New bike path in Westminster to commemorate groundbreaking school desegregation ruling

The city of Westminster has announced plans to build a new bike path that will honor the historic court ruling ending school segregation in California.

Gonzalo and Felicitas Mendez
Gonzalo and Felicitas Mendez challenged segregation in California’s public schools with the Mendez et al v. Westminster lawsuit, which ultimately prevailed and paved the way for the U.S. Supreme Court’s Brown v. Board ruling in 1954.

This year marks the 70th anniversary of the landmark Mendez et al v. Westminster decision, which declared separate schools for Mexican American students unlawful and laid the foundation for the Brown v. Board of Education decision of 1954.

Though lesser known than Brown v.
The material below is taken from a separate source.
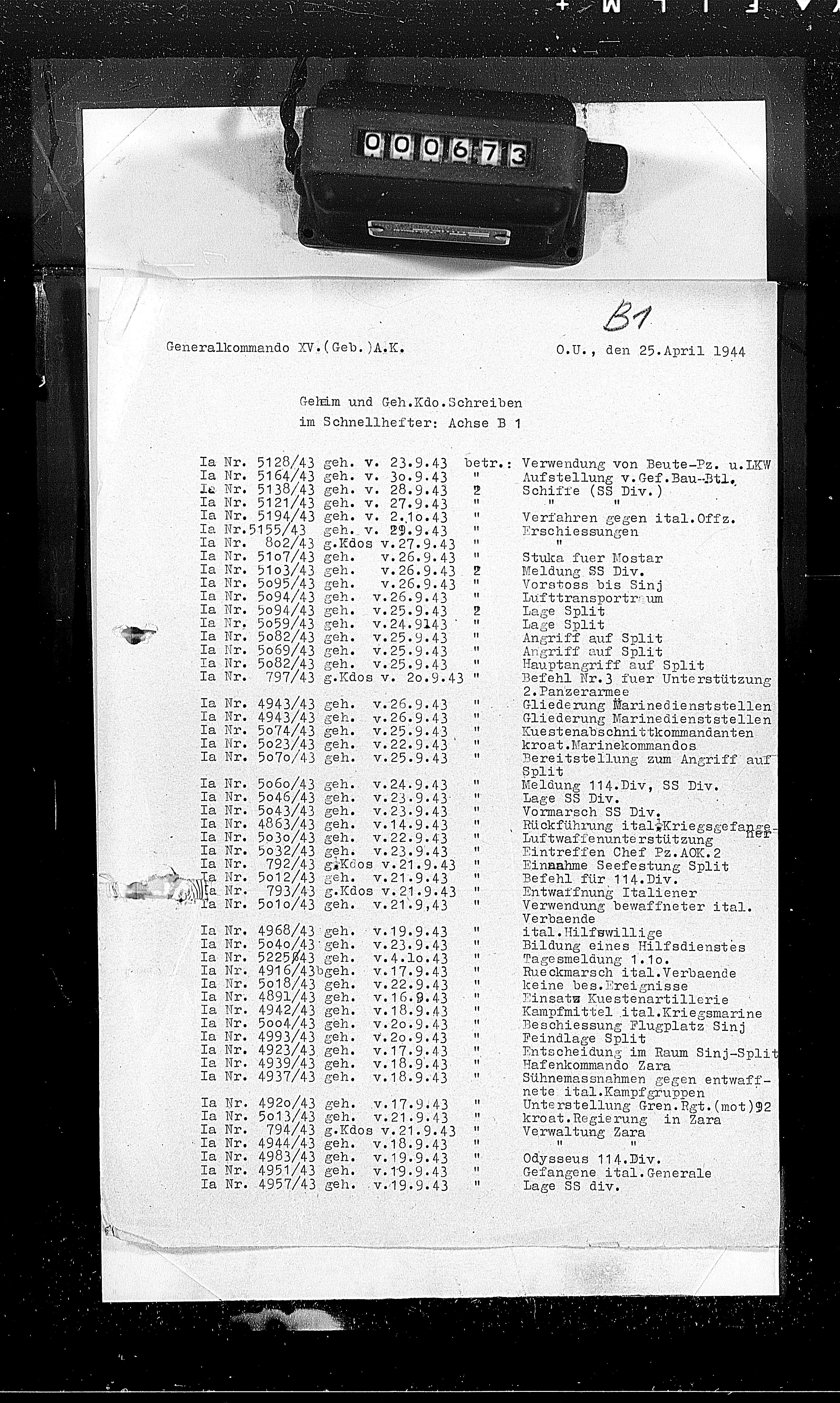 - Broj i vrsta vozila zaplijenjenih od Italijana i njihova raspodjela (uglavnom 7.SS divizija); ukupno zarobljeno 37 ispravnih i 13 neispravnih *manjih tenkova*, i 8 velikih i 3 malih borbenih vozila (*neka su već izgubljena u borbama*) ; 300 kamiona i automobila, od čega samo 70 ispravnih. (frame no. 679)

Board, the Mendez lawsuit — brought by Orange County residents Felicitas and Gonzalo Mendez on behalf of their daughter, Sylvia — has been highlighted in countless articles, featured in a documentary and commemorated on a U.S. postage stamp. (OCDE also produced this podcast earlier in the year.)

Yet, as Orange County Register reporter Peter Larsen notes in a recent column, there aren’t really any local monuments to mark the case’s place in U.S. history.

Fittingly, the “The Mendez Historic Freedom Trail” will run along Hoover Street near the site once occupied by Hoover Elementary School, where Sylvia Mendez and other children of Mexican descent were assigned. The path will travel between Garden Grove Boulevard and Bolsa Avenue, according to an announcement on Westminster’s Facebook page.

The project will be funded through a $2.3 million grant from the California Natural Resources Agency and is expected to begin in early 2019.